From childhood a deep yearning to find a God whom I could understand and love was always with me; and as I grew into girlhood this yearning became the strongest factor in my life, until, like Job, my constant mental cry was, "Oh that I knew where I might find him!" I was brought up in the orthodox Episcopal church, and at the age of sixteen was confirmed by the bishop. This ceremony only tended to cause further confusion and apparent separation from the God I sought. The search continued year after year without any satisfaction, until the day I attended a Christian Science lecture. I went into the hall weary of life and heavily laden, physically and mentally, but before the speaker had half finished his lecture a great sense of peace and joy flooded my consciousness, and I repeated over and over again, silently, "This is my God, and His name is Love."
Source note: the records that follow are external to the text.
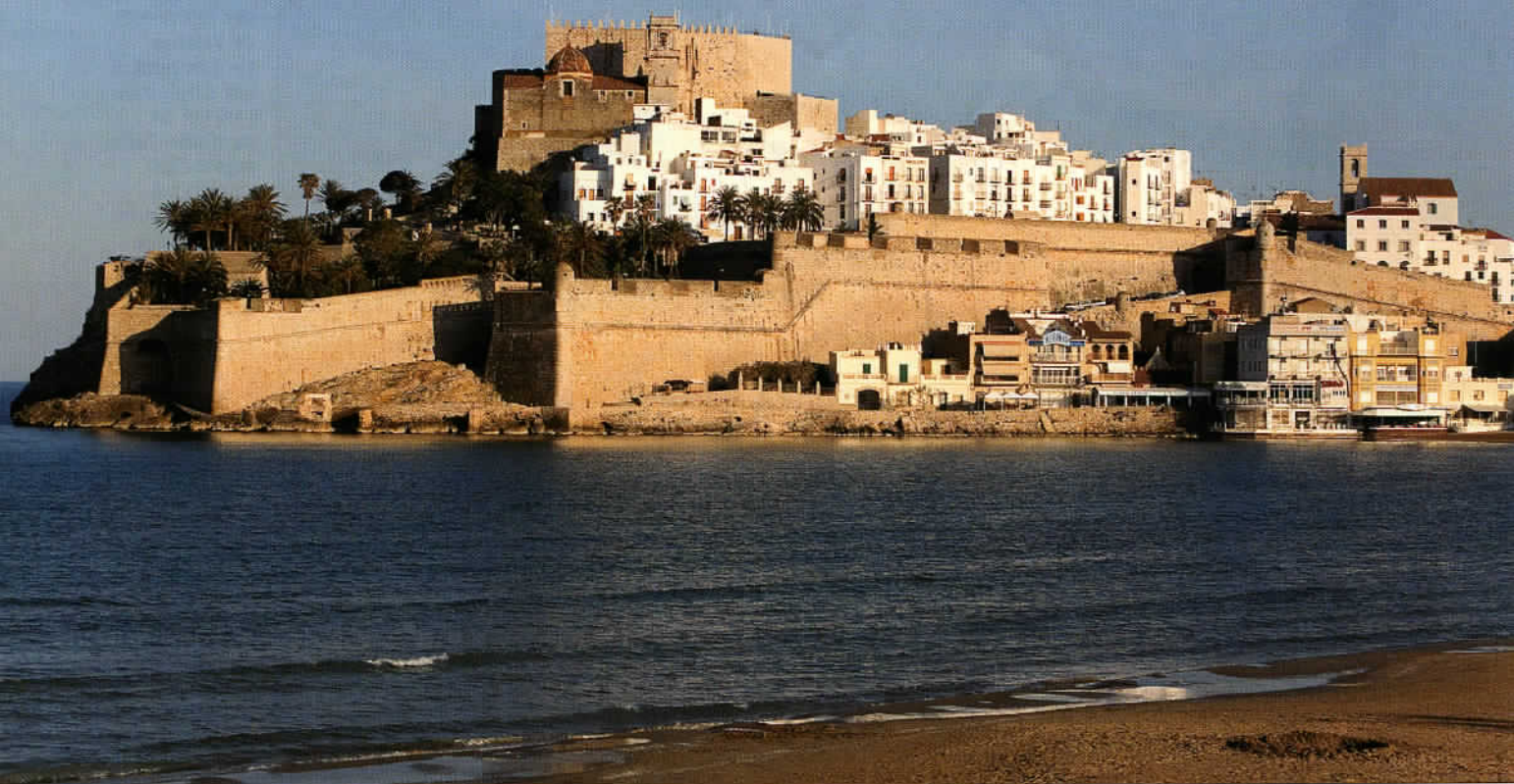
La forteresse de Peníscola, un décor connu dans le monde entier, immortalisé dans le célèbre film d'Anthony Mann « Le Ci » avec Charlton Heston dans le rôle-titre.
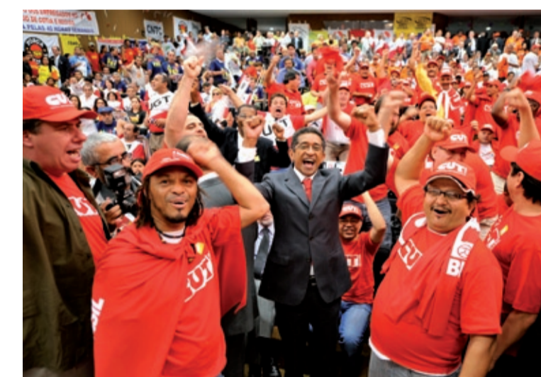
Festa na aprovação da PEC na comissão da Câmara

Exemplo desse ataque ocorreu ontem, quando a Confederação Nacional da Indústria repetiu o mesmo discurso adotado há décadas pelos patrões ao tratar sobre direito dos trabalhadores. Para a CNI, as 40 horas elevarão os custos da produção e serão mais um obstáculo às contratações.
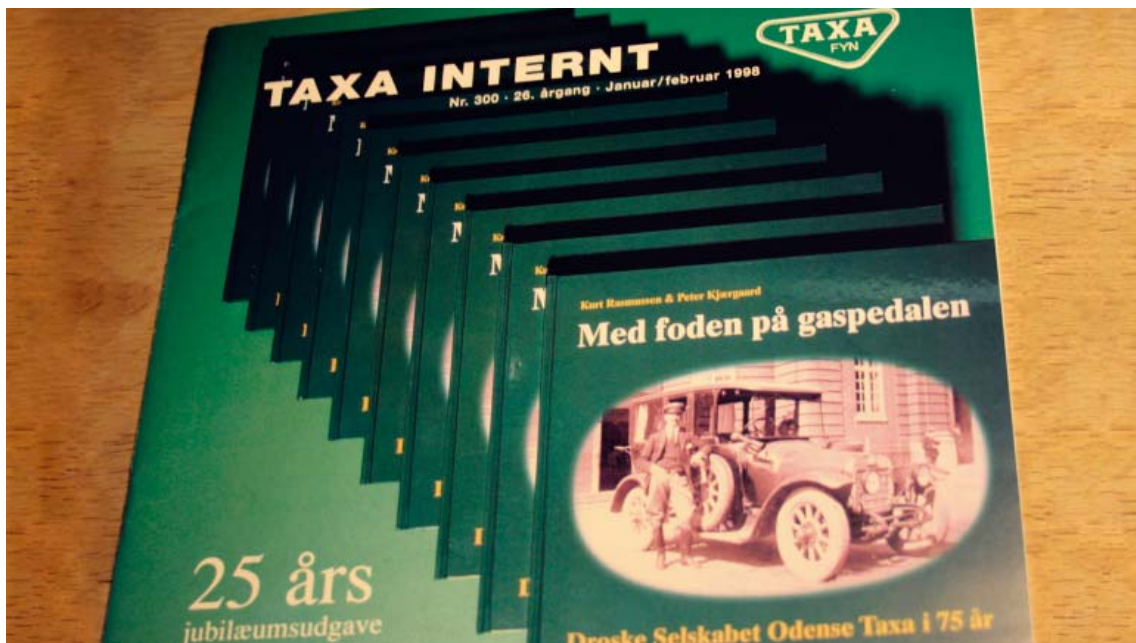
I januar 1998 udkom Internt i denne 25-års jubilæumsudgave
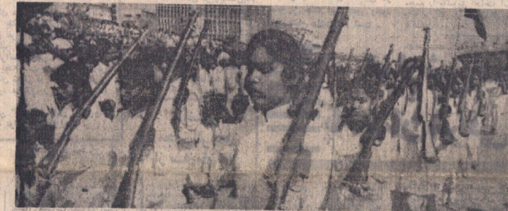
گروهی از دختران پاکستان شرقی در حالی که تفک بدوش گرفته اند از خیابان های داکا عبور میکنند.

پلیس و چریکهای مسلح پاکستان شرقی به طرفداران مجیب الرحمن پیوستند
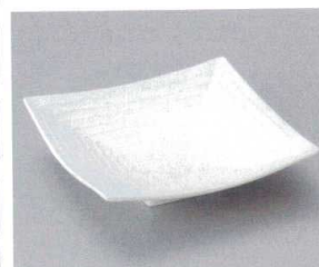
47005-491 白釉千段盛鉢 1,550円 (19×19×5.5cm)
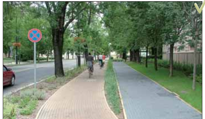
Polgármesteri Hivatal Ceglédi út felőli része, ugyancsak szépen látható, gépkocsi (Ceglédi út), kerékpáros (sárga út, de csak Cegléd felé szabályos), gyalogos (szürke út)
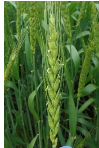
図1 小麦「さとのそら」の開花期の様子

1) 赤かび病の子のう孢子の飛散好適条件となった日数であり、①日最低気温10度以上、②日最高気温15℃以上、③降雨日とその翌日、これら3つの条件が揃った気象状況の日数を示す。古河アメダスによる。2) 茨城県病害虫防除所発行の病害虫発生予察情報から数値を引用。3) 1998年（平成10年）産では赤かび病が多発し、被害金額は全国で約22億円と見積もられている。4) 網掛け部分は図2に赤かび病の子のう孢子飛散好適日の推移を示す。
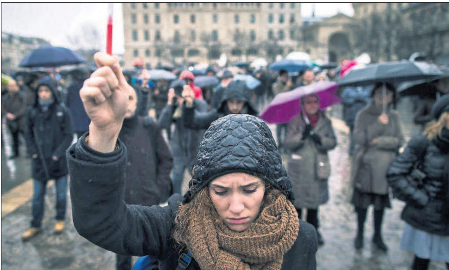
Una mujer alza ayer en París un lápiz en símbolo de protesta por el asesinato de dibujantes y periodistas durante un minuto de silencio por la matanza.
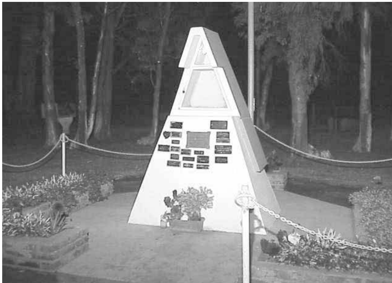
La comunidad pide que devuelvan o se recupere la imagen de la Virgen de Luján.

En la jornada del domingo, los vecinos de la localidad de Dudignac amanecieron con la ingrata e insólita noticia de la desaparición de la imagen de Nuestra Señora de Luján erigida en el acceso a la localidad, que había entronizado años atrás en esta comunidad la
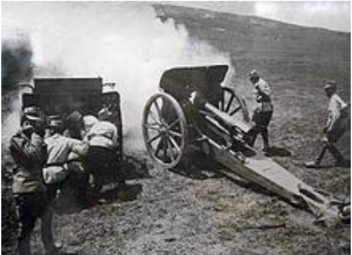
Figura nr. 2. Artileriști români lovind pozițiile inamice, preluată din sursa https://ro.wikipedia.org/wiki/B%C4%83t%C4%83lia_de_la_M%C4%83r%C4%83%C8%99ti#/media/Fi%C8%99ier:CasinValley1917.JPG , acesată în data de 23.04.2022.

I was so hungry to learn more and still more of this wonderful truth that I dropped all else and commenced the study of the textbook, "Science and Health with Key to the Scriptures" by Mary Baker Eddy. Many beautiful healings came to me; and I am particularly grateful for the gradual elimination of a very bad temper and strong will. The daily study of the textbook, together with the Bible, brought a growing sense of peace and joy, and I never can be grateful enough for the wonderful spiritual uplift this gave me. Through the loving help of a practitioner I was healed of consumption. I completely forgot this condition in my earnest desire to become better acquainted with God, until one day some months after careful study of the Bible and the textbook, I found I was free, and my whole thought was illuminated with love for God and His creation.
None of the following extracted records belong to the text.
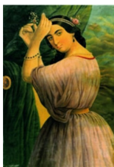
تصویر ۹. کمال الملک، دختر مصری، ۱۲۹۵ ه. ق. رنگ روغن روی بوم، ۱۰۰ × ۷۱ سانتیمتر، موزه مجلس شورای اسلامی (URL7).
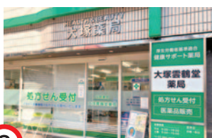
8 大塚雲鶴堂薬局 元浅草4-6-4 ☎ 3841-6880
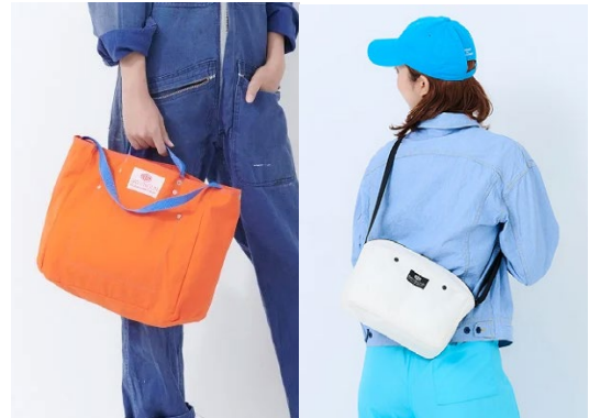
BAG 'n' NOUN

2024年最初のスペシャルでは「関西のええもん」をセレクト。関西は、食い倒れだけでなく、着倒れ、履き倒れとしても知られるファッションが盛んなエリア。上質な織物も有名です。兵庫県からはKOMINKANでもファンが多いtamaki niimeのアイテムがこれまでで最も多く入荷します。大阪生まれの老舗メーカーが手がけるバッグ バグンナウンも、好みの色が見つかる豊富な品揃え。おしゃれを楽しんでいただけるよう、この1年もよいもの、心が躍るものをお届けいたします。
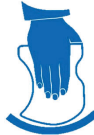
Application et lissage d'un coude de tuyauterie
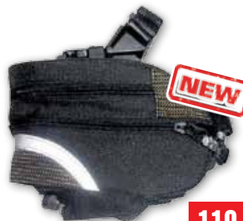
PODSEDLOVÁ BRAŠNA NA KOLO

upevnění klik-fix, objem 0,65 l (DO BV180665P)
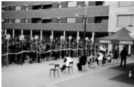
Aizkardiren Mendi Ibilaldia martxoan izango da. HITZA

Villabonako Aizkardi mendi taldeak 44. Mendi Ibilaldia antolatu du hilaren 25ean, igandean. Hamalau orduak egiteko asmoa duten mendizaleek, indarrak neurtzeko aukera polita izango dute beraz hila-beteko azken igandean horretan. Horretarako, ordea, aurrez izena eman beharra dago, eta Aizkarditik bi bide zabaldu dituzte: www.zirkuitua.com webgunea edo 649 71 71 82 telefono zenbakia. Azken honetara, 20:00etatik 22:00ak bitartean deitu behar da, eta astelehenetik ostirala bitartean.
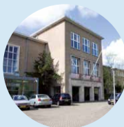
Coornhert Lyceum Gymnasium, vwo, havo, vmbo-tl Aantal leerlingen: 1.722
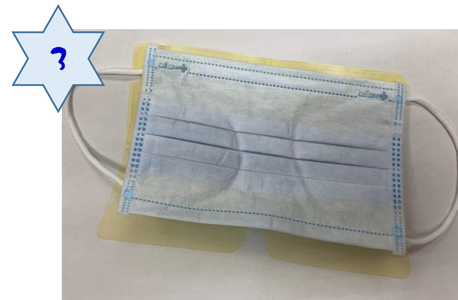
將口罩”污染面”貼住/放置口罩夾
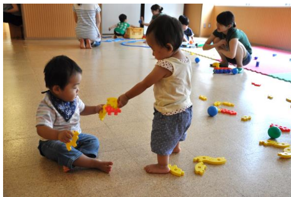
子ども家庭支援センターすこやかの様子

○ 調布市子ども条例の理念を具現化するため、子ども・子育て支援法（平成24（2012年）8月制定）に基づき策定した調布っすこやかプラン（調布市子ども・子育て支援事業計画）（平成27（2015）年度～令和元（2019）年度）について、子育て支援に関するニーズ等を把握しながら、令和2（2020）年度からの次期計画を策定し、引き続き、計画に基づき子どもと子育て家庭を総合的に支援していく必要があります。
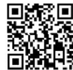
はかた伝統工芸館
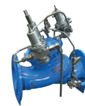
Serie 771/735-M Druckstoßverhinderungsventil DN 65-300 PN16 Sphäroguss

My mother and I had always been very near to each other, and up to the age of seventeen I had never been parted form her; then circumstances arose which made it necessary for me to leave my home. This was a great sorrow to me, and one that was never healed until I heard of Christian Science. When my mother passed on, a deep realization of God's motherhood dawned upon me, and I lifted up my heart and fervently thanked our Father-Mother God that what I loved was eternal and omnipresent; and I have found that in proportion as I am careful to love God first and my neighbor as myself, do I realize that this love always surrounds me.